I was instrumental in creating about 30% of Tank Girl, so much of her was her visual style, and Jamie had most of that in his head before we started to get stuff down on paper. However, I did add a lot of “flavor” to the character – my dressing on Jamie’s salad, so to speak. Some of the original sparks of inspiration came from Mick Lynch (of the band Stump)’s bald-with-a-clump-at-the-front haircut, Paul Hogan’s Crocodile Dundee, the Greebo look of Pop Will Eat Itself, 70s zombie movies, surf music, and a girl at college.

How critical are you when looking back at your old work?

I don’t really have time for criticism of the old stuff; it’s out there already in a dozen different formats, so there’s nothing I can do about it. I am, however, quite harsh on myself in relation to work in progress. But at the end of the day, the nature of Tank Girl is chaos, and you’ve just got to let it flow.

What is your favorite Tank Girl storyline?

That’ll have to be “The Mount Mushroom Massacre”, where Tank Girl and Booga rob an amusement park, escape on a bouncy castle owned by Graham Coxon, and spend their ill-gotten gains on a Mount Rushmore style memorial to themselves. I think that was the last “proper” story I did with Jamie, I remember we had a lot of fun putting it together.

How did you approach writing Tank Girl: Armadillo, the character’s first prose novel?

That was the first Tank Girl related thing I’d written in well over a decade, so my approach was tentative to say the least. I wrote it in short bursts, not necessarily in the right order, and then once I had a decent amount of pages, the whole thing started to take on some kind of form.

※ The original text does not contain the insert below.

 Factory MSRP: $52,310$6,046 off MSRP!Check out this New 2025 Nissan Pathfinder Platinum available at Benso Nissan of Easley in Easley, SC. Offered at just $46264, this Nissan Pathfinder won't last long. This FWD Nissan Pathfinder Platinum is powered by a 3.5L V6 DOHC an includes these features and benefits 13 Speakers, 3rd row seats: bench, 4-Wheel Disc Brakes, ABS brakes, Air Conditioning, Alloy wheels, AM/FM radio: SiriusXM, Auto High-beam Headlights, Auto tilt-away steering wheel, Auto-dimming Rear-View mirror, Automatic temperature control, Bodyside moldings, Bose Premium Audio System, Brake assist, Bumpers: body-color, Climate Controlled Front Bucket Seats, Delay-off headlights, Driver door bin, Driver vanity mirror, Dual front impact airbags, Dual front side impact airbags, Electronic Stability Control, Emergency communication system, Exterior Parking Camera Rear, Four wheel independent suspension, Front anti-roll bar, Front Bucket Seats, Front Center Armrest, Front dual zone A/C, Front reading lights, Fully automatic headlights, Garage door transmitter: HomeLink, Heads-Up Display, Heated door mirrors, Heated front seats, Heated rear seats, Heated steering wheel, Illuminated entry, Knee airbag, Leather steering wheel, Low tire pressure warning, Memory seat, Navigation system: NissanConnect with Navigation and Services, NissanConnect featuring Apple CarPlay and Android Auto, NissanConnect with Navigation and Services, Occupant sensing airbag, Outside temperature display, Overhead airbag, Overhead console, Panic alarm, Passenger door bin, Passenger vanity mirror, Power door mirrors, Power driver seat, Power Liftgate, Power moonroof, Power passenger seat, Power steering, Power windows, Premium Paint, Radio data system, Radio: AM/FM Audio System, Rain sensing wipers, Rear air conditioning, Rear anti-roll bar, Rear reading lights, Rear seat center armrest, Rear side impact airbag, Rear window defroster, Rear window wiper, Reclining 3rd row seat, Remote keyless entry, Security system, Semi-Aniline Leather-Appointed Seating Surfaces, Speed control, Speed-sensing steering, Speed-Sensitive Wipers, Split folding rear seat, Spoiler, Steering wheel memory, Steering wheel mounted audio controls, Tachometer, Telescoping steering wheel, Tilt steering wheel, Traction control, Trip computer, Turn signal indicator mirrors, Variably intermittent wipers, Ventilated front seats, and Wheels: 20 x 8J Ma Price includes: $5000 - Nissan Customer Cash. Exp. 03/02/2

How do you think new readers discovering the original Tank Girl comics in 2008 are going to react to her, compared to those who first read the books in the late 80s?

Hesitantly bemused.

Do you consider the new remastered editions of Tank Girl to be the definitive versions?

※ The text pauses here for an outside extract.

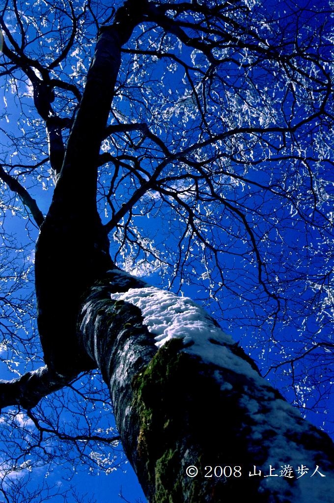 桜が咲き始めたころに寒波襲来。湿った雪が山頂のブナを氷付けにしてしまった。

No. They’re just a fresher way of looking at them. The main thrust behind the project was to lose the computer coloring, which was done way back in the early nineties, and which has dated in a wholly different way from the actual artwork. So this is a chance to see the strips as they were originally printed in Deadline Magazine.

Do you identify with Tank Girl, or are any of the other regulars – Barney, Booga etc – closer to your personality? Which would you most/least like to be stuck in an elevator with?

I guess the Tank Girl team are all different aspects of me as a whole, so I relate to them all in some way – Tank Girl’s anger, Booga’s stupidity, Jet Girl’s couldn’t-give-a-shit-ness, Barney’s psychosis – but probably Tank Girl the most, as my thoughts get to dribble out of her mouth, unchecked and uncontrolled. I’d least like to be stuck in an elevator with Booga, because he's a bloke and because he'd probably do really rank farts.